▸ **Your instructions**:
Using the records below, copy exactly the part that opens with the line holding "Ένα υπέροχο βρεφικό" and closes with the line holding "暗天使系充满毁灭与邪恶,欲望", minus the pictures.

▸ **Supplied records**:

################

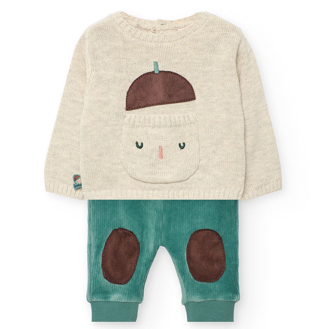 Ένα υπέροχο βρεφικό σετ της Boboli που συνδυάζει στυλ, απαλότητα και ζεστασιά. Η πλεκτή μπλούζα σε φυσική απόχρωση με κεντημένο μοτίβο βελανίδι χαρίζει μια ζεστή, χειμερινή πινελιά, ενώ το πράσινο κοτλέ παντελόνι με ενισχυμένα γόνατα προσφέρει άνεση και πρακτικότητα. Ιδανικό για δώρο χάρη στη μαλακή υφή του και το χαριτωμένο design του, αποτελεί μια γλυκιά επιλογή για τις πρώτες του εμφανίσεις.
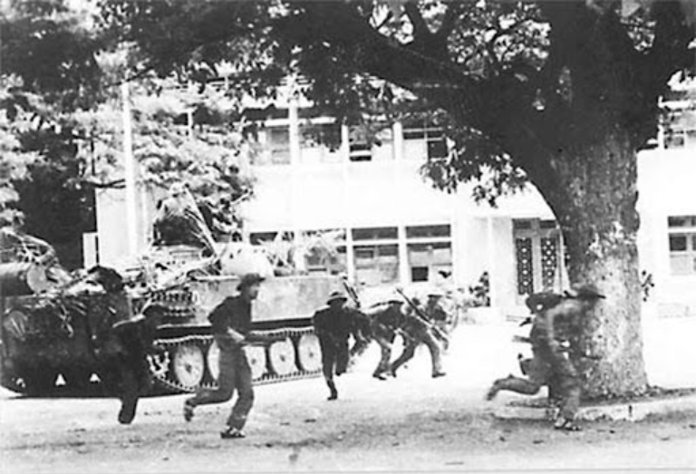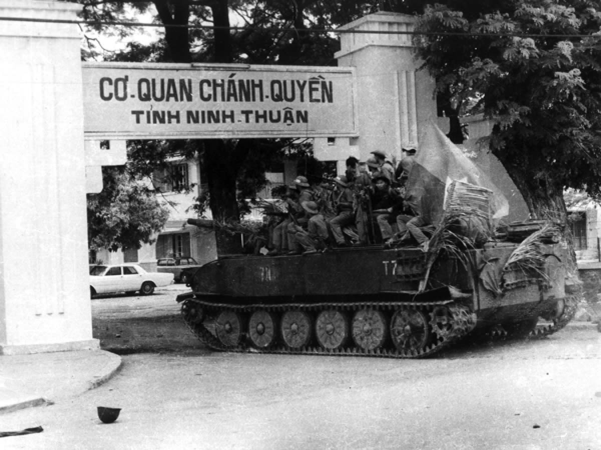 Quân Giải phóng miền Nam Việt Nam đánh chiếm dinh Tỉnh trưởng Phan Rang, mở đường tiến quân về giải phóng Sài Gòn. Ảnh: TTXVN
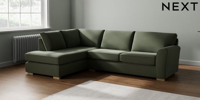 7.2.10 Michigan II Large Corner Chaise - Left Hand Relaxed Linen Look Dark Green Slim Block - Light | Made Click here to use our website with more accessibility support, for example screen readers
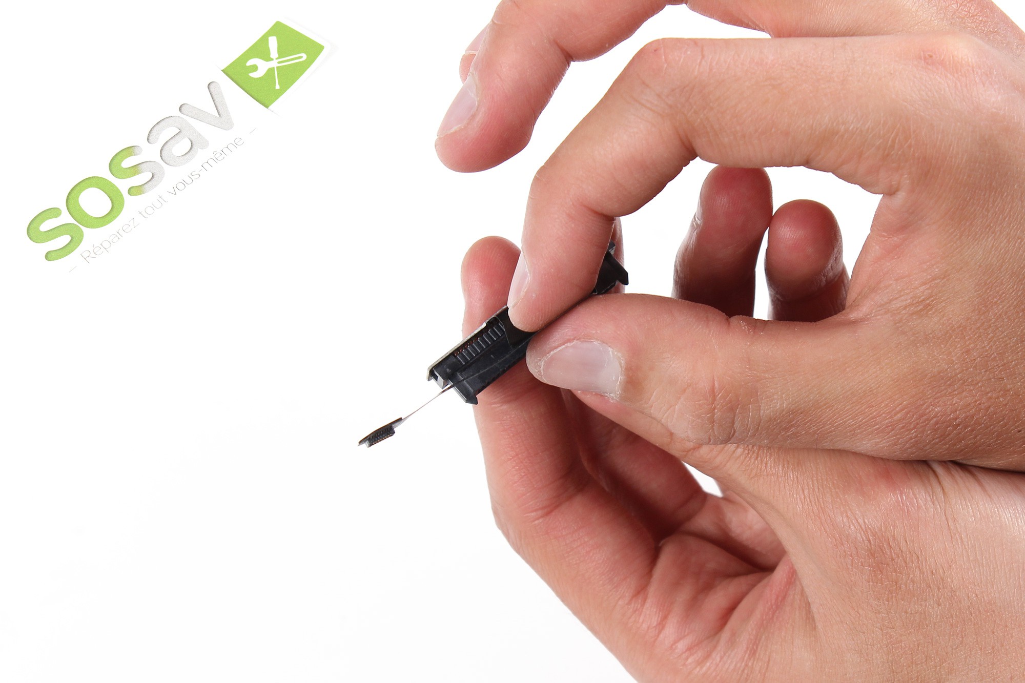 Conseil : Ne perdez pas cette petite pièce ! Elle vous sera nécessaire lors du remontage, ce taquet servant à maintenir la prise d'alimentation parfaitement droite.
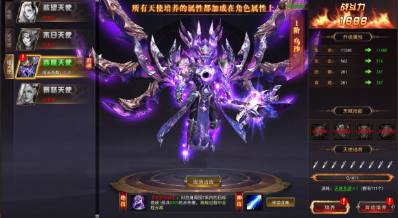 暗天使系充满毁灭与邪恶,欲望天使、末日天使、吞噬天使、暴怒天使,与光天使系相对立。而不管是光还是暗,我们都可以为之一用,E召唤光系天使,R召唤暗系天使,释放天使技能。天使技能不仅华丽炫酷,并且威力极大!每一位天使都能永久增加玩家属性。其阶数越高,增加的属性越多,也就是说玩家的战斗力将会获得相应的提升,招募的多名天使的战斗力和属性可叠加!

################

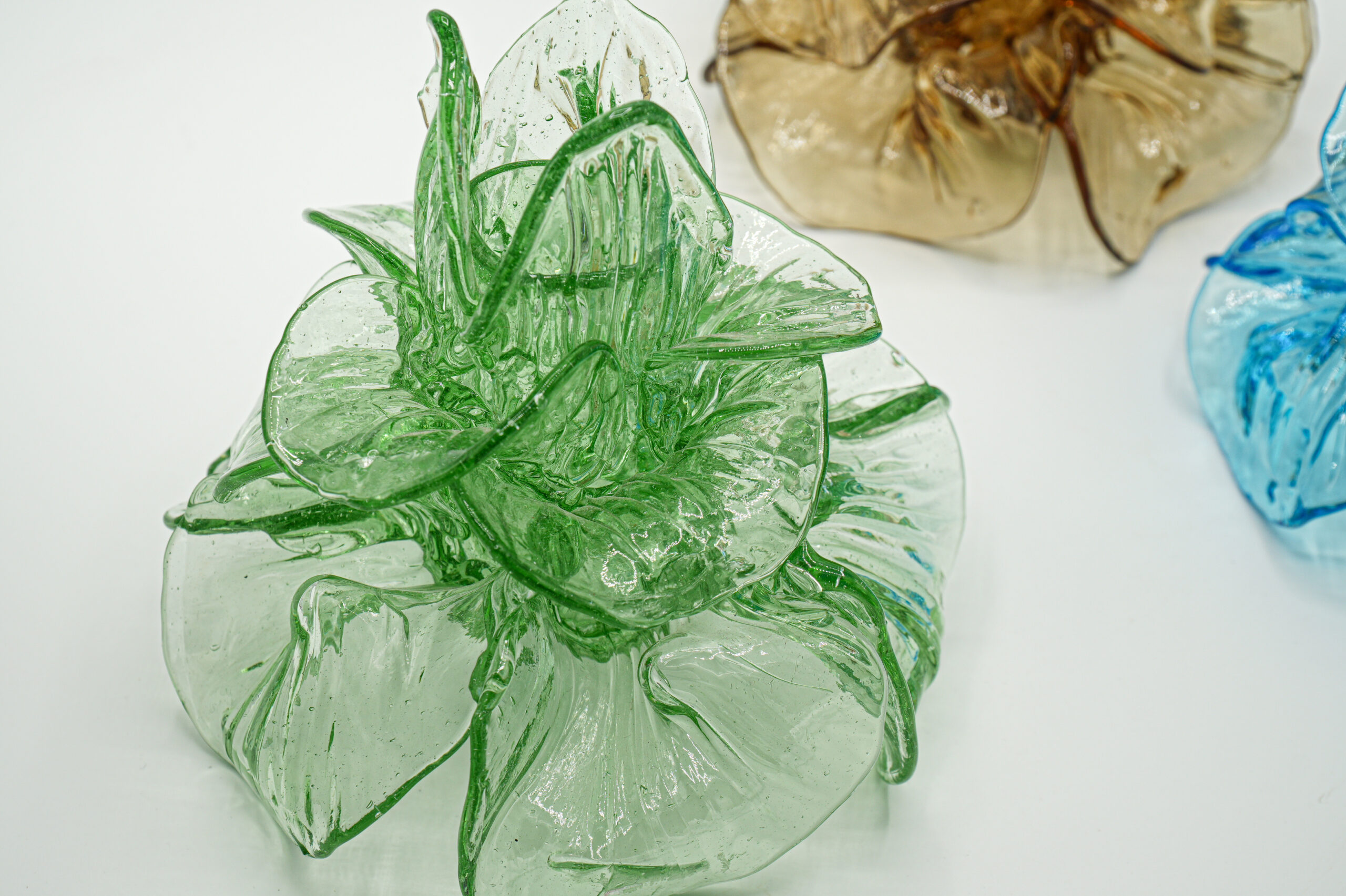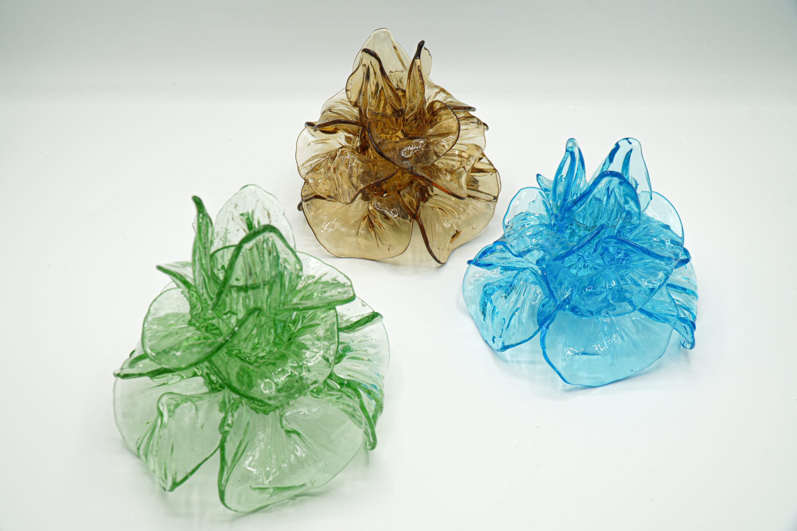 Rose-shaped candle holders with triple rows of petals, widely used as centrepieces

################

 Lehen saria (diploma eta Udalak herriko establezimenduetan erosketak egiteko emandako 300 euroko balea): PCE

################

▸ **Finished exercise**:
 Ένα υπέροχο βρεφικό σετ της Boboli που συνδυάζει στυλ, απαλότητα και ζεστασιά. Η πλεκτή μπλούζα σε φυσική απόχρωση με κεντημένο μοτίβο βελανίδι χαρίζει μια ζεστή, χειμερινή πινελιά, ενώ το πράσινο κοτλέ παντελόνι με ενισχυμένα γόνατα προσφέρει άνεση και πρακτικότητα. Ιδανικό για δώρο χάρη στη μαλακή υφή του και το χαριτωμένο design του, αποτελεί μια γλυκιά επιλογή για τις πρώτες του εμφανίσεις.
 Quân Giải phóng miền Nam Việt Nam đánh chiếm dinh Tỉnh trưởng Phan Rang, mở đường tiến quân về giải phóng Sài Gòn. Ảnh: TTXVN
 7.2.10 Michigan II Large Corner Chaise - Left Hand Relaxed Linen Look Dark Green Slim Block - Light | Made Click here to use our website with more accessibility support, for example screen readers
 Conseil : Ne perdez pas cette petite pièce ! Elle vous sera nécessaire lors du remontage, ce taquet servant à maintenir la prise d'alimentation parfaitement droite.
 暗天使系充满毁灭与邪恶,欲望天使、末日天使、吞噬天使、暴怒天使,与光天使系相对立。而不管是光还是暗,我们都可以为之一用,E召唤光系天使,R召唤暗系天使,释放天使技能。天使技能不仅华丽炫酷,并且威力极大!每一位天使都能永久增加玩家属性。其阶数越高,增加的属性越多,也就是说玩家的战斗力将会获得相应的提升,招募的多名天使的战斗力和属性可叠加!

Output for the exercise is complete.